What is required
Leave the pictures out, and transcribe the material below exactly from the line with "IT之家注:苹果公司在今年 6 月召开的" to the line with "inpp5ka and inpp5kb", both lines included.

Input records

◇ ◇ ◇ ◇ ◇ ◇ ◇

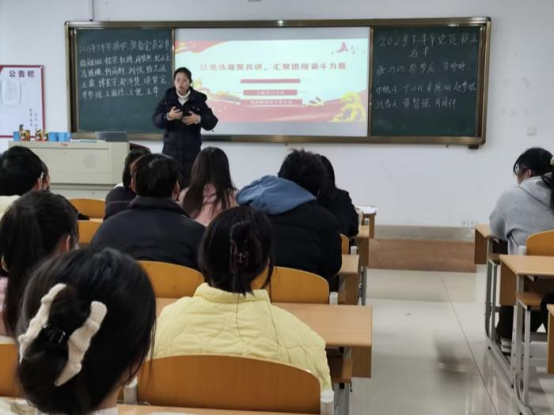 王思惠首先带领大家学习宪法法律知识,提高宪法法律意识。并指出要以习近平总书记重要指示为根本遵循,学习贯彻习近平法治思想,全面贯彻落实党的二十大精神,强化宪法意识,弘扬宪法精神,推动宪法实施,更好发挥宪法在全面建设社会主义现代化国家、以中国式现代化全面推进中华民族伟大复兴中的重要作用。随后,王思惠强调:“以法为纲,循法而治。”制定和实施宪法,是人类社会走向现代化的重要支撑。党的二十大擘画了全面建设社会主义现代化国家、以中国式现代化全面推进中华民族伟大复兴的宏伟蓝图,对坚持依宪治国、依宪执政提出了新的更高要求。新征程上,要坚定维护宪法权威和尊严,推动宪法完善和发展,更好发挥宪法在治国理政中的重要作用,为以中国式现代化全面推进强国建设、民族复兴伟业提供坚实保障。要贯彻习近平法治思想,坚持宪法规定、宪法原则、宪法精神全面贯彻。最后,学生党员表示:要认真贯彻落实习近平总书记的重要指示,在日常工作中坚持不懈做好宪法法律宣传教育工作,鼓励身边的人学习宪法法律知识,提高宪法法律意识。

◇ ◇ ◇ ◇ ◇ ◇ ◇

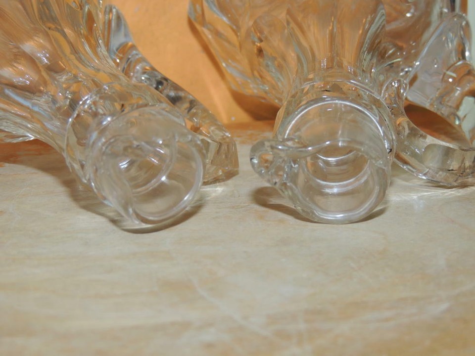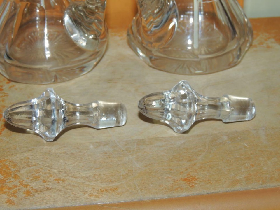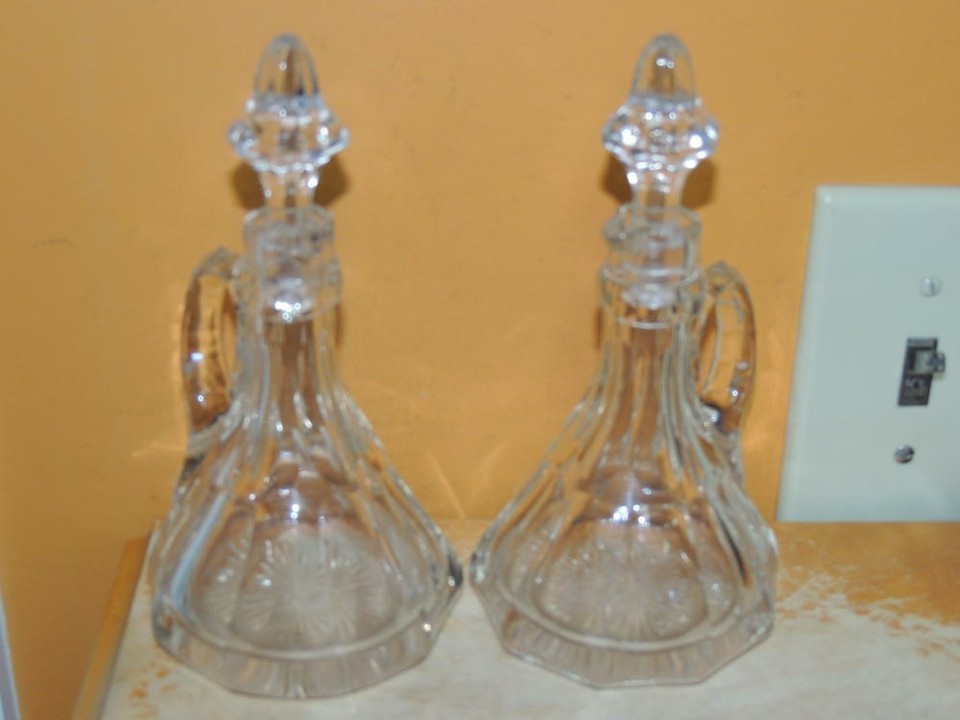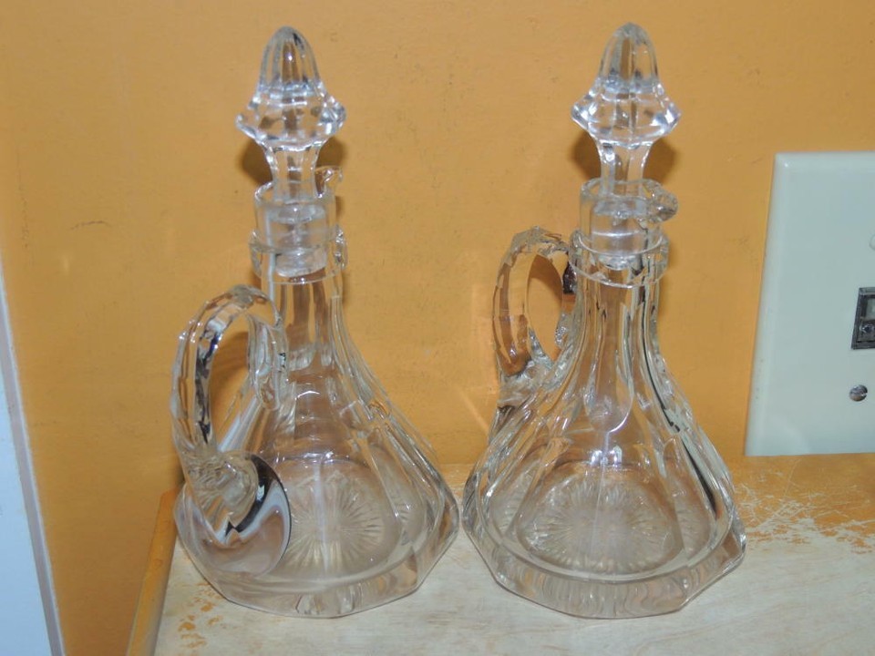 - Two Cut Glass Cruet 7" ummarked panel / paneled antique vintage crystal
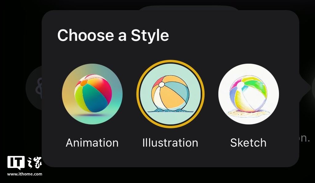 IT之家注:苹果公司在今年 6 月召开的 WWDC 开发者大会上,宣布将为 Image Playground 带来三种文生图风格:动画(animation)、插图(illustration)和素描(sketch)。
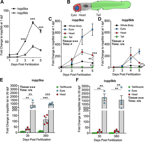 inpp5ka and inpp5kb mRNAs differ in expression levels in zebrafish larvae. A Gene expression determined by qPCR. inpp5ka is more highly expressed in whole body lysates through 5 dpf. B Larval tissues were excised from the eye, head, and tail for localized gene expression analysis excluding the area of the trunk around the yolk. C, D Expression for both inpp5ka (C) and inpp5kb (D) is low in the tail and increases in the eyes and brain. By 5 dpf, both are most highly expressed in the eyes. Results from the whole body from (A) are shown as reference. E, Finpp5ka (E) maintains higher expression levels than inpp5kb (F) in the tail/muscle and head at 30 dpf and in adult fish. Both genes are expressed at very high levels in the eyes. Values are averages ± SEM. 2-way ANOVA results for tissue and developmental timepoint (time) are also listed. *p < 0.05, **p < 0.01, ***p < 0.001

◇ ◇ ◇ ◇ ◇ ◇ ◇

Output of the exercise
 IT之家注:苹果公司在今年 6 月召开的 WWDC 开发者大会上,宣布将为 Image Playground 带来三种文生图风格:动画(animation)、插图(illustration)和素描(sketch)。
 inpp5ka and inpp5kb mRNAs differ in expression levels in zebrafish larvae. A Gene expression determined by qPCR. inpp5ka is more highly expressed in whole body lysates through 5 dpf. B Larval tissues were excised from the eye, head, and tail for localized gene expression analysis excluding the area of the trunk around the yolk. C, D Expression for both inpp5ka (C) and inpp5kb (D) is low in the tail and increases in the eyes and brain. By 5 dpf, both are most highly expressed in the eyes. Results from the whole body from (A) are shown as reference. E, Finpp5ka (E) maintains higher expression levels than inpp5kb (F) in the tail/muscle and head at 30 dpf and in adult fish. Both genes are expressed at very high levels in the eyes. Values are averages ± SEM. 2-way ANOVA results for tissue and developmental timepoint (time) are also listed. *p < 0.05, **p < 0.01, ***p < 0.001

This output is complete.